Manhattan, inc.
- August, 1988 cover
- Editor: Jane Amsterdam (1984–1987); Clay Felker (1987–1990);
- Frequency: Monthly
- Circulation: 115,000
- Publisher: D. Herbert Lipson
- Founded: 1984
- Final issue: 1990
- ISSN: 0748-6472

= Manhattan, inc. =

Manhattan, inc. was an American monthly magazine published in New York City. From 1984 to 1990 it profiled the rich and powerful figures of New York City's business world, and featured stories by prominent freelancers such as John Seabrook, Ron Rosenbaum, and Gwenda Blair.

Manhattan, inc. was founded by D. Herbert Lipson, owner of Philadelphia and Boston magazines.
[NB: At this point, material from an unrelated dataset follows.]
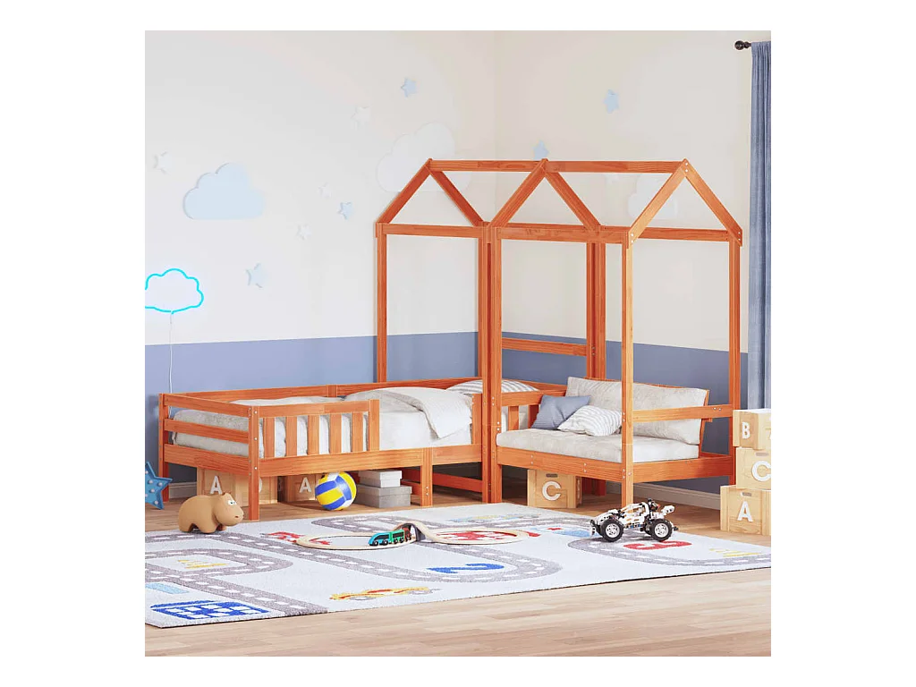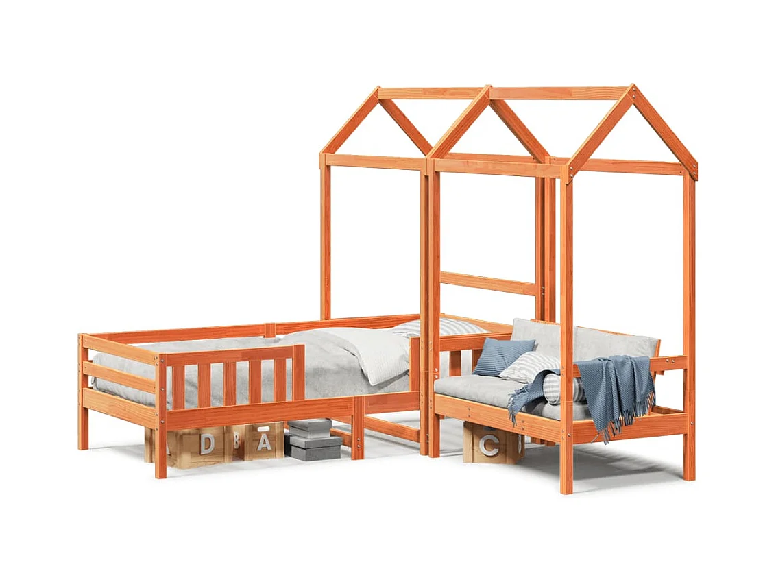 Set de cama y banco con techo madera de pino marrón 100x200 cm ES603371

The first issue debuted in September, 1984, edited by Jane Amsterdam, who previously edited New Times and The American Lawyer. In 1985, after only four issues, it received a National Magazine Award for General Excellence. Amsterdam and eight other staffers departed in March 1987 over a dispute with Lipson about editorial integrity. Clay Felker, the founding editor of New York, replaced Amsterdam as editor. Under Felker, the magazine became
"less sassy, less critical, and more featurish in tone" (Spy magazine wrote Felker "helped dull the magazine's cutting edge"). It suffered financially after the October 1987 stock market crash, and ceased publication in July, 1990, merging with the men's lifestyle magazine M to become M, inc.

Calling it a "Yuppie Anti-Yuppie Magazine," writer Brian Morton described Manhattan, inc. as "aimed at a young, hip audience of people who see through the hypocrisies of the business world even as they want to make their way in it."